Major aircraft manufacturers also face growing competition from regional jet makers now developing larger and more capable planes. As a result, these companies face unprecedented challenges to deliver products that are more efficient, better performing, higher quality, better differentiated and more appealing to the flying public – all while keeping development and production costs under control:

“One thing that had been holding us back [from making more advanced use of simulation] is that we are a very big company that has been very successful for a long time, and that creates inertia that can make it difficult to do things in new and better ways. But now, one thing proving remarkably effective [in driving adoption of new simulation tools and methods] is losing market share. That’s doing as much as anything else to help us crack through some of this resistance – there’s increasing awareness that we can’t keep doing things the 1955 way and expect to be successful.” – Aerospace/defense company A

Defense systems: unprecedented complexity, capability, reliability demands In defense markets, the U.S. Department of Defense – which accounts for almost half the world’s aggregate defense budget – is focusing on long-range strike capability, unmanned air combat and reconnaissance vehicles, precision guided weapons, joint operations, interoperability among weapons systems, and better integrated capabilities for the various branches of the armed forces. All this means defense contractors are having to cope with unprecedented complexity, capability and reliability requirements:

“…[one of our aircraft models has] been in production for nearly 25 years. In its infancy in the 1970s, it was a much less complicated product. The amount of simulation required was minimal compared with today, where many complex subsystems are interoperating and multiple sensors are collecting loads of information. You have to rely on simulation tools to validate performance. We’re constantly pushing the edge of the envelope in simulating physics…” – Aerospace/defense company B

In addition to this increased product complexity, what it takes to win business has also gotten more demanding:

“We begin by asking: what is mission success for our customer? We’re heavily involved in how we’re going to assure mission success for our military customers – how can we get even better at that? A big thrust for us is getting closer to our customer, getting into the ‘soft spaces’ [of up-front requirements definition]. They write a requirement, but what problems are they really trying to solve? Maybe we can help them with tradeoffs. Getting closer to the customer is key – getting into their up-front design space to understand their real needs.

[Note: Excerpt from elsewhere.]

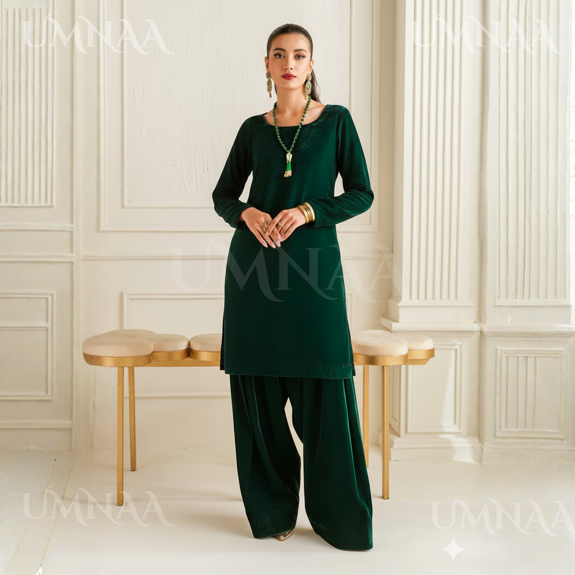 Introducing Velvet Farshi Shalwar Co-Ords set by Umnaa — a luxe velvet Co-Ords collection designed to bring effortless elegance to your winter wardrobe. Crafted from premium, ultra-soft velvet, each set features a timeless straight-cut shirt paired with wide-leg Farshi Shalwar for a graceful, flowy silhouette.

“As you move up that food chain – as you start to ask where the leverage is – simulation and modeling become increasingly significant… We’ve created a [group dedicated to] the pre-contract award period, even before a proposal is put out. [That group is focusing] on using modeling and simulation as a huge lever to leapfrog us forward, by helping us get into that up-front pre-award space with the customer.” – Aerospace/defense company D

Space systems: cost and schedule overruns, mission failures An urgent, newly identified need is to alleviate perennial – and worsening – cost and schedule overruns in space-systems programs:

“The chief problem that has affected both the defense space community and the civil space program is that a quarter of all space flight electro-optical sensor programs are overrunning their schedule and budget allocations by 100% or more. At the same time, there have been increases in mission-critical failures with these payloads. Of course the systems themselves are becoming much more complex, but nevertheless these resource overruns are coming to be seen as unacceptable. Programs typically have a 20% overrun contingency; that is what is seen as acceptable. So [100% overruns mean] the industry has a factor-of-five problem today.

“Several recent studies, such as the NASA Instrument Capability Study, have explored a number of underlying causes for these large overruns. One of the clearest conclusions, cited by a task force headed by Thomas Young, is the need to focus on reliability from beginning to end during flight program execution – that is, to perform simulation and test at each stage of development in order to catch problems at their earliest possible stage when they are far cheaper and quicker to fix.” – Aerospace/defense company E

Global project execution In all sectors of aerospace/defense, project execution has gone global:

“In the past, [products were developed mostly] inside a single company, versus the global participation common today – that in itself is a challenge.” – Aerospace/defense company F

This has spurred the search for ways to virtualize the various product development and validation workflows that, for most of the industry’s history, were carried out by physically co-located teams:

“...our PDM system is much more than CAD data management. It's a portal into our entire product development virtual environment. It enables collaboration across our design facilities around the world…it includes a lot of the data that is an input to simulation as well as the simulation results...” – Aerospace/defense company B

Flight certification A perennial driver of technology investments in aerospace and defense is the requirement to certify products for flightworthiness. While physical test remains the predominant method, analysis results are increasingly provided and accepted as part of the certification process, perhaps most notably in aircraft propulsion systems.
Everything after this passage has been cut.